Resentfully, I closed myself off to my family, unwilling to share any more stories. If I couldn’t even tell them about the slurs and microaggressions, how could I tell them about the close calls with violence? Or that I was depressed—that I was scared of everything and everyone? That I feared for my life every day, whether they believed it was rational or not?
Faced with their lack of understanding about how anti-Black racism affected my studies and my health, I found other ways of seeking encouragement. I enrolled in more race-related courses. I started reading the works of more Black scholars and feminists, feeling at home in their words; and I started documenting my experiences, which I could identify in the theories and stories of other writers.
It still wasn’t enough to curb the loneliness, and food became a replacement for my emotions. After class, I’d go to the grocery store or pick up takeout from my favourite restaurant and then eat it all in one sitting. Instead of going out, I would go home and eat. Being painfully full distracted me from my racing thoughts.
Numerous, detailed studies have shown that racism is a chronic stressor, and experiencing anti-Black racism has serious mental and physical health effects. Experiencing discrimination or microaggressions every day—or simply living in fear of experiencing them—can cause enough stress to increase the risk of anxiety, depression, suicide or suicidal tho
ughts, common colds, cardiovascular disease, breast cancer, hypertension, and high blood pressure. These extensive studies into minority stress have been conducted in the U.S. and the U.K., but are harder to come by in Canada, even though Black Canadians have one of the worst health profiles in the country.
Black people are constantly at risk for developing health issues or having them worsen. Much has been written about how socio-economic discrimination affects Black Canadians in terms of employment, education, and housing, as well as the justice system. And the stress of experiencing racial discrimination on a daily basis also has a significant impact on the achievement of Black students, negatively affecting their success and causing them to drop out, fear going to school, and develop mental health issues.
I needed help carrying this heavy burden of racism, and I’d thought my family could alleviate some of it.

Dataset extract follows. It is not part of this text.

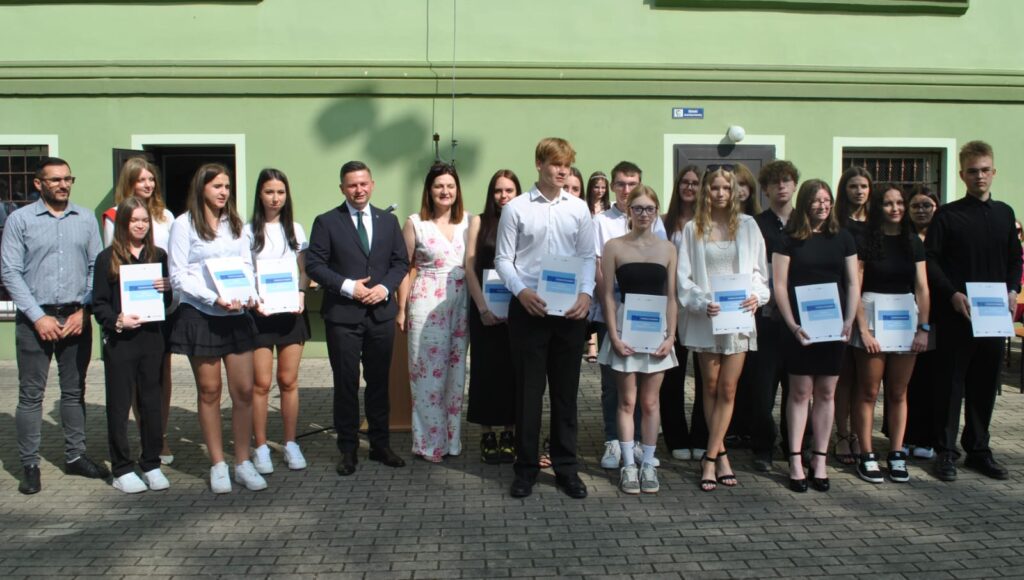 📌 Uroczystego wręczenia stypendiów w imieniu Marszałka Województwa Opolskiego Szymona Ogłazy dokonał Maciej Krzysik – członek Zarządu Powiatu Nyskiego.

We had experienced the same things in the same country, the same rejection, the same hopelessness. But there was a sea of distance between us.
* * *
///
On a hot summer day when I was eight years old, my mom hit a bird with her car. She was shaking with dread as two of her co-workers pulled out the injured, screeching bird from the car grille and killed it. A bad omen.
I was aimlessly playing a Nickelodeon Flash game on the computer at my cousin’s house, counting down the hours until my mom picked me up, when my great-uncle came in and told me my grandmother was in the hospital.
Scans showed a golf-ball sized tumour in her brain. CNS lymphoma. Six months to live. If she tried the experimental treatment—one year. She figured there was nothing to lose if it promised her more time with her family.
She beat the cancer. But when she started turning yellow, there wasn’t a single nurse or doctor who thought to check for jaundice. The chemo had destroyed her liver. By the time they figured it out, nothing could be done.